Portland Sea Hawks
- Founded: 1962
- Folded: 1964
- League: Atlantic Coast Football League
- Based in: Portland, Maine
- Arena: Portland High School Stadium

= Portland Sea Hawks =

American football team, 1962–1964

The Portland Sea Hawks were a semi-professional American football team based in Portland, Maine. They played three seasons in the Atlantic Coast Football League (ACFL) from 1962 to 1964 and played their home games at Portland High School Stadium, now Fitzpatrick Stadium.

==History==
In July 1960, Neil "Ziggy" Serpico, then head coach of the Biddeford High School football team, was named the first head coach of the team.

The Sea Hawks began play in the ACFL in 1962 coached by Vushin Amerigan, finishing with a 5-5 record. Running back Willie Greenlaw led Portland with eight touchdowns during the 1962 season. Quarterback Butch Songin was the leader for the Sea Hawks in passing touchdowns with five.

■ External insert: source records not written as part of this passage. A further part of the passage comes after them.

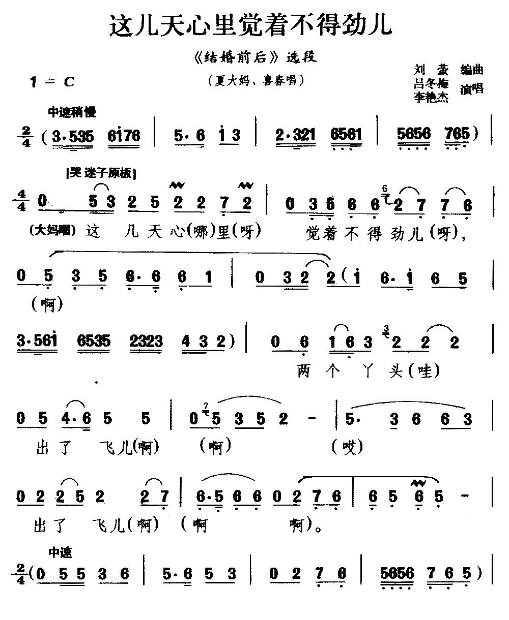 > 龙江剧 这几天心里觉着不得劲儿 结婚前后 选段 吴大妈 喜春唱
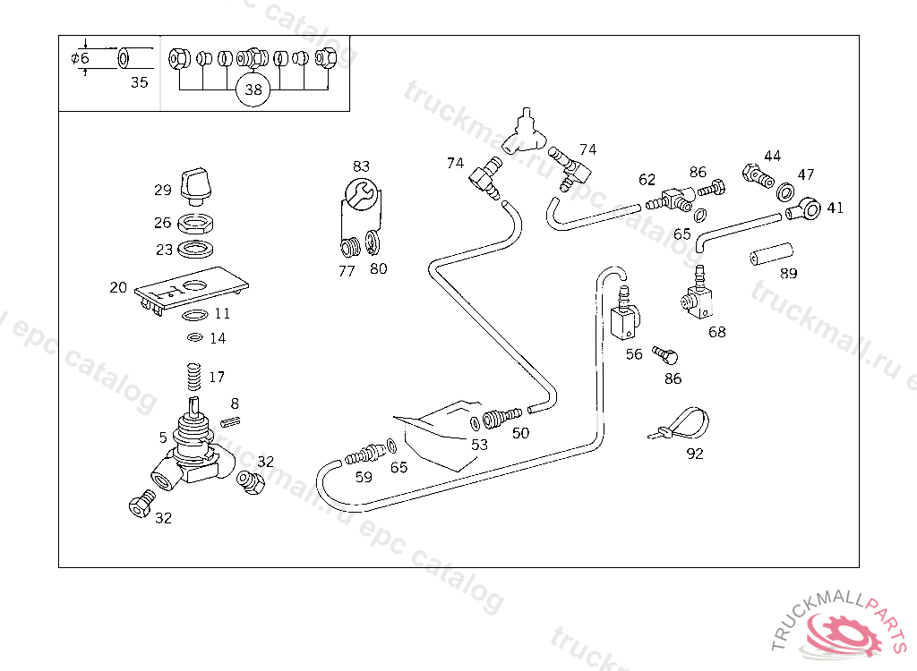 SCREW DELIVERY AND SUCTION LINES TO ENGINE, FRONT M 6X35
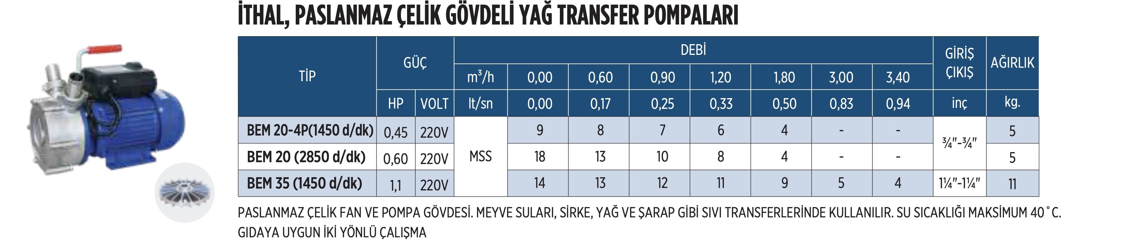 Bem 20-4P Sıvı Gıda Pompası 0,6 HP Çin Malı / Çift Yönlü Çalışmaya Uygun - 1450 Devir/ dakika
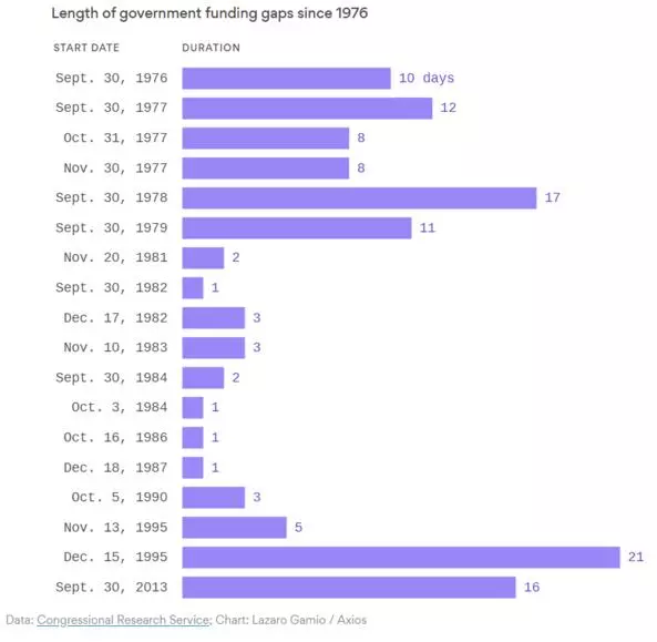 ▲1976年以來(lái)美國曆次政府關門(mén)時(shí)長

In 1963, the Sea Hawks coached by Jim Flanagan finished with a 4-8 record. Dick Daniels led Portland in touchdowns with nine touchdowns, Willie Greenlaw was second on the team with five. Jackie Moynihan was the Sea Hawks' quarterback and recorded 860 yard and 7 touchdowns during the 1963 season.

In the team's final season in the ACFL in 1964, the Sea Hawks went 5-8-1 under head coach Chuck Fuccillo. Hugh Rohrschneider led Portland in scoring with 12 touchdowns on the season. Manch Wheeler was the team's starting quarterback, amassing 1343 yards and 12 touchdowns during the 1964 season.